Generation	Approx payload per lane per direction	x16 approximate
PCIe 3.0	0.985 GB/s	15.75 GB/s
PCIe 4.0	1.969 GB/s	31.50 GB/s
PCIe 5.0	3.938 GB/s	63.01 GB/s
PCIe 6.0	7.563 GB/s	121.01 GB/s

Direct P2PGPU to GPU activation path

Effective linkconservative min(PCIe A, PCIe B)

Host fallbackGPU A to RAM to GPU B

Direct P2P: T = activation_GB / min(PCIe_A, PCIe_B) Via Host RAM: T = activation_GB/PCIe_A + 2*activation_GB/RAM_BW + activation_GB/PCIe_B

PCIe matters little when only small activations move between a few GPU blocks. It matters a lot when CPU/RAM participates, P2P is disabled, activation size is large, or true tensor parallelism communicates inside every layer.

Via Host RAM is a conservative staging estimate. Real behavior depends on DMA, chipset topology, NUMA, pinned memory and whether transfers overlap.

Offload

9. CPU and RAM

In this calculator, CPU/RAM means spilled layers are executed by CPU and read from system RAM. PCIe is used only when activations cross between GPU blocks and CPU blocks.

GPU blockactivation exits GPU

CPU/RAM blockweights read from RAM, compute on CPU

CPU_memory_time = active_read_GB_CPU_block / RAM_bandwidth_GBps CPU_compute_time = FLOPs_CPU_block / CPU_effective_FLOPS CPU_block_time = max(CPU_memory_time, CPU_compute_time)

This is not the same as GPU weight streaming from RAM. If your runtime streams weights to GPU, PCIe carries weight traffic and should be modeled much more aggressively.

Output

10. Reading results

Single-session throughput: estimated tokens per second for one autoregressive session using the best estimated layer-chain hardware split.
Latency: estimated single-token latency for one session.
Layer Split: layer count assigned to each used device block.
Placement Status: whether all layers fit into GPU VRAM or CPU/RAM is used.
Box time: block processing time on that device, excluding transfer labels between boxes.
BW bound / FLOPS bound: which part of the Roofline estimate dominates that block.

A fast setup is not always the one with the most VRAM. The best setup balances storage capacity, per-layer speed and transfer overhead.

Accuracy

11. Calibration workflow

Choose one real model, quantization and context length.
Measure real decode tokens/s with your inference engine.
Enter exact GPU VRAM, memory bandwidth and PCIe lane configuration.
Adjust Effective TFLOPS and Activation Transfer until the estimate is close.
Use the calibrated setup to compare GPU combinations, PCIe lane layouts and MoE/Dense alternatives.

Estimate too fast?

Lower Effective TFLOPS, increase Activation Transfer, increase KV Cache, or account for framework overhead.

Estimate too slow?

Raise Effective TFLOPS, reduce Activation Transfer, verify P2P mode, or check quantization bytes.

Boundaries

12. Limits and expectations

This is a compact theoretical estimator.
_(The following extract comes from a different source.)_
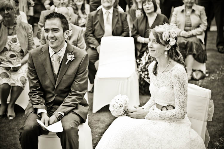 The DIY elements really made this wedding stand out, and kept the day super personal. Laura continued, “I don’t know if Rich or myself are particularly Rock n Roll (in fact, he wouldn’t let me have a live band, thinking it was too try-hardy ‘cool’) but we just did our days how we wanted. Putting together a DIY wedding was stressful though, don’t get me wrong. But we could not believe how generous friends and family were with their time and energy. My mum and Rich’s mum did all the food: good, heart portions of homemade curry, chilli and fishpie. The ‘waitresses’ were all neighbours who donated their time to make sure the booze didn’t run dry and the plates were cleared away. Richard’s Mums are Buddhists and so our outdoor ceremony was influence by that and also humanism.”
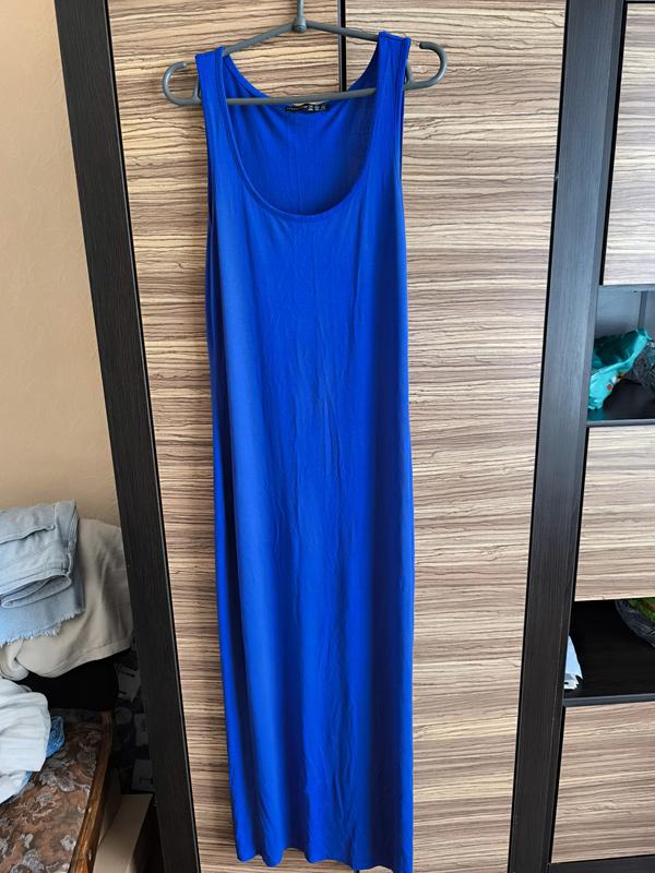 Платье майка в идеальном состоянии,цвет насыщенный синий.грудь по полуобью 45 бедра 50 длина 138, тянется.

It does not fully simulate kernel launch overhead, CUDA graph behavior, NUMA, page faults, exact KV-cache kernels, tensor-parallel collectives, speculative decoding, continuous batching, prompt prefill, driver behavior, or engine-specific optimizations.

Good use cases

Hardware iteration, rough bottleneck discovery, checking if a model fits, comparing PCIe lane configurations, estimating whether an extra GPU helps, and explaining why a setup is bandwidth-bound or compute-bound.

Bad use cases

Claiming exact production throughput, modeling high-batch server inference without calibration, predicting prompt prefill speed, or treating tensor split over PCIe as identical to layer split.

Use the result as an engineering estimate. The ranking of configurations is usually more trustworthy than the absolute number.